When the Founder Left, the Paper Faltered

It was under favorable circumstances that Joseph Charless sold his paper and retired from editorial life in St. Louis. Under his skillful guardianship the Missouri Gazette had grown from a twelve-column paper printed on a sheet of foolscap, to twice that size printed on an imperial sheet. The number of subscribers consistently increased, from 174 at its beginning in 1808, to 1,000 by 1820. It was due to his tenacity of purpose, his untiring industry, ability and tact, and a strength of will which no disasters or threats could overcome, that Joseph Charless became a recognized influence in St. Louis during his lifetime, and his paper a living testimony to his energy and ability long after his death.

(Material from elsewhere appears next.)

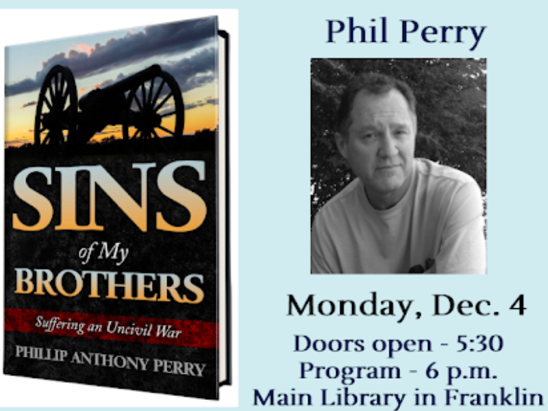 Local author Phillip Anthony Perry is launching his debut novel – a historical non-fiction novel set in April 1865. Sins of My Brothers: Suffering an Uncivil War tells the true story of greed, corruption, and incompetence at the close of the American Civil War.

Upon the retirement of Charless, James C. Cummins became the new proprietor and editor of the Gazette. His first change was to substitute for the former motto of the paper another, “Principles Not Persons,” which he considered “more generally applicable to the duties of a newspaper editor.” The following year the office of the Gazette was moved from the southeast corner of Fifth and Market, where it had been since early in 1820, to a house on  Main Street, “nearly opposite the Copper and Tinware Manufactory of Messrs. Neal and Liggett. Another removal took place in December, when the Gazette “set up shop” in the “large house on Main St. owned by Detier, directly opposite the [establishment] of James Clemens & Co. and formerly occupied as the St. Louis [Enquirer} office.”

Cummins closed his account with the Missouri Gazette on March 6, 1822, just eighteen months after his purchase of the paper from Joseph Charless. On that day Edward Charless, son of the founder, became its new proprietor and editor, and a few weeks later changed its name to the Missouri Republican.

(From the dissertation Early St. Louis Newspapers, 1808 – 1850 by Dorothy Grace Brown, Washington University, 1931).